O outro alvo da distorção petista refere-se à insensibilidade social de quem só se preocuparia com a economia. Os fatos são diferentes: com o Real, a população pobre diminuiu de 35% para 28% do total. A pobreza continuou caindo, com alguma oscilação, até atingir 18% em 2007, fruto do efeito acumulado de políticas sociais e econômicas, entre elas o aumento do salário mínimo.

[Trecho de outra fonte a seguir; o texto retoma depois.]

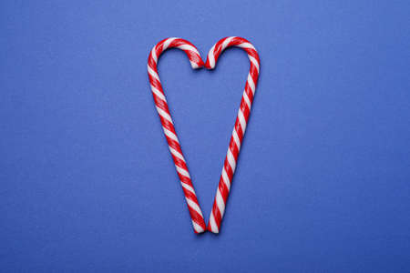 Heart shape made of sweet Christmas candy canes on blue background, top view
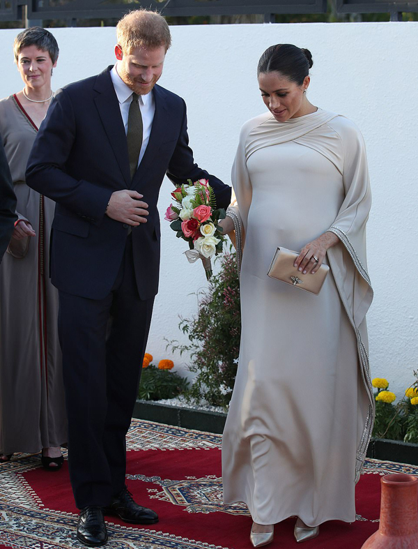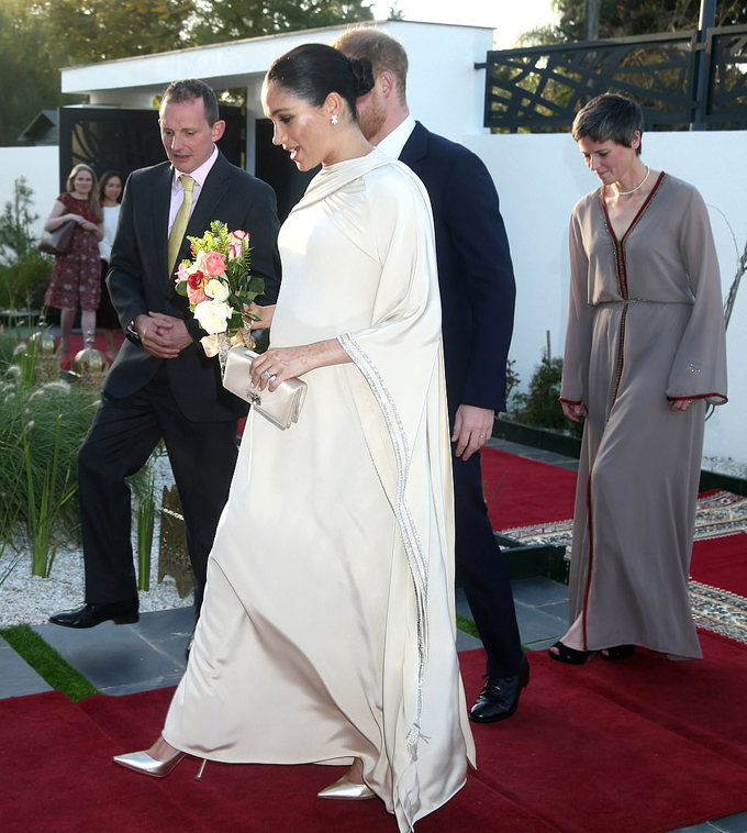 Hình ảnh Meghan cùng chồng, Hoàng tử Harry, dự tiệc chiêu đãi tại dinh thự của đại sứ Anh ở Morocco chiều tối 24/2, bà bầu Meghan gây ấn tượng với bộ váy bằng lụa cao cấp của Dior.
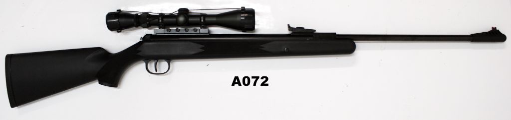 Fitted with 3-9×40 FX scope. Breakneck action with open sights to 19,75 barrel. Black synthetic stock. Excellent condition.
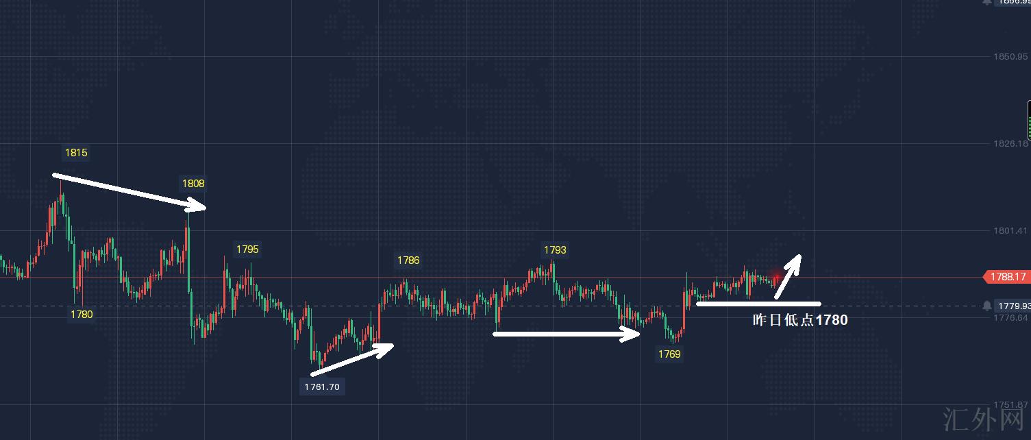 昨日星期一行情震荡差不多保持在震荡区间震荡,高低位较为显著,低点1780左右,高位1791一线,形成区间往返,较为显著的折返来回震荡行情,那么星期二预计依旧保持如此的行情运行,短时间不能有效突破区间,都已如此的方式行情来对待,着重关注欧元兑美元盘机会,早盘的震荡突破机会否很大。
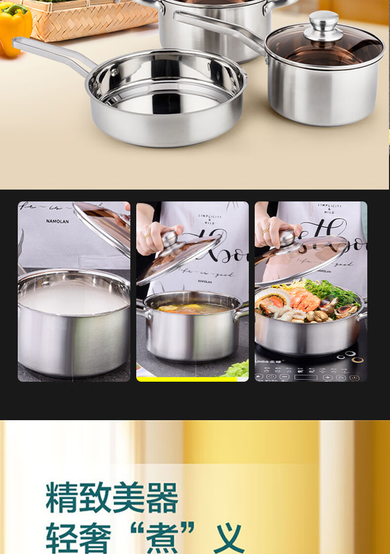 艾逸瑶选 查尔斯欧式不锈钢锅具...

De 1995 a 2002, houve um aumento real de 47,4%; de 2003 a 2009, de 49,5%. O rendimento médio mensal dos trabalhadores, descontada a inflação, não cresceu espetacularmente no período, salvo entre 1993 e 1997, quando saltou de R$ 800 para aproximadamente R$ 1.200. Hoje se encontra abaixo do nível alcançado nos anos iniciais do Plano Real.

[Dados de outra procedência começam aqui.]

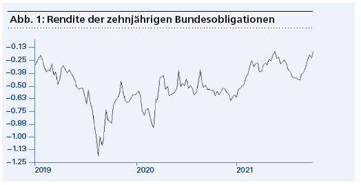 Die Anleihezinsen steigen, auch in der Schweiz, wie die Grafik zeigt. Und das wird dem Aktienmarkt zu schaffen machen. Es fällt nur deshalb nicht so auf, weil die Staatspapiere noch Negativzins melden. Zehnjährige Bundesobligationen «rentieren» momentan bei minus 0,16 Prozent.
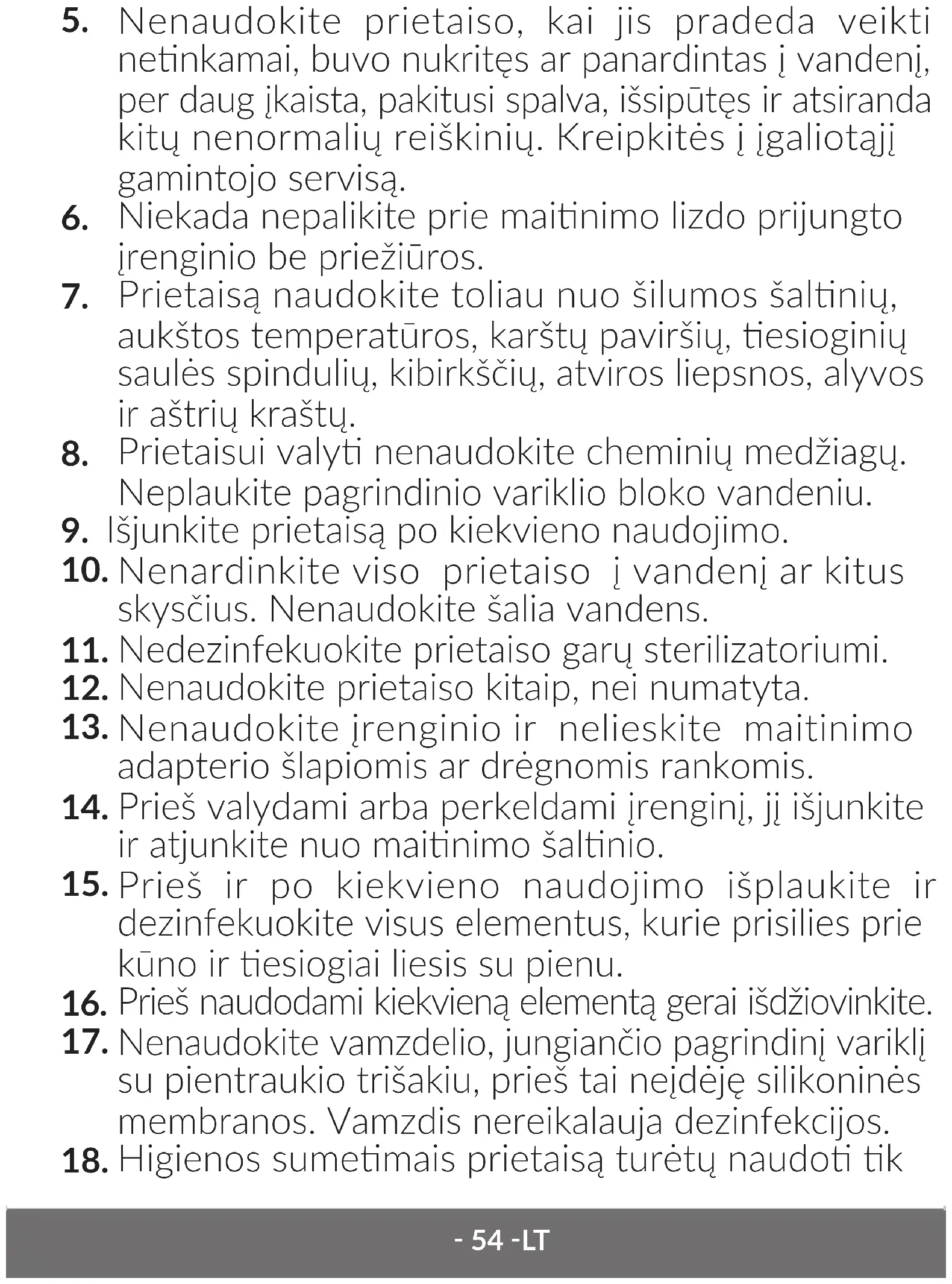 1. Netaisykite ir nekeiskite įrenginio. Šias veiklas gali

Por fim, os programas de transferência direta de renda (hoje Bolsa-Família), vendidos como uma exclusividade deste governo. Na verdade, eles começaram em um município (Campinas) e no Distrito Federal, estenderam-se para Estados (Goiás) e ganharam abrangência nacional em meu governo. O Bolsa-Escola atingiu cerca de 5 milhões de famílias, às quais o governo atual juntou outras 6 milhões, já com o nome de Bolsa-Família, englobando em uma só bolsa os programas anteriores. É mentira, portanto, dizer que o PSDB “não olhou para o social”. Não apenas olhou como fez e fez muito nessa área: o SUS saiu do papel à realidade; o programa da aids tornou-se referência mundial; viabilizamos os medicamentos genéricos, sem temor às multinacionais; as equipes de Saúde da Família, pouco mais de 300 em 1994, tornaram-se mais de 16 mil em 2002; o programa “Toda Criança na Escola” trouxe para o Ensino Fundamental quase 100% das crianças de sete a 14 anos. Foi também no governo do PSDB que se pôs em prática a política que assiste hoje a mais de 3 milhões de idosos e deficientes (em 1996, eram apenas 300 mil). 
Eleições não se ganham com o retrovisor. O eleitor vota em quem confia e lhe abre um horizonte de esperanças. Mas se o lulismo quiser comparar, sem mentir e sem descontextualizar, a briga é boa. Nada a temer.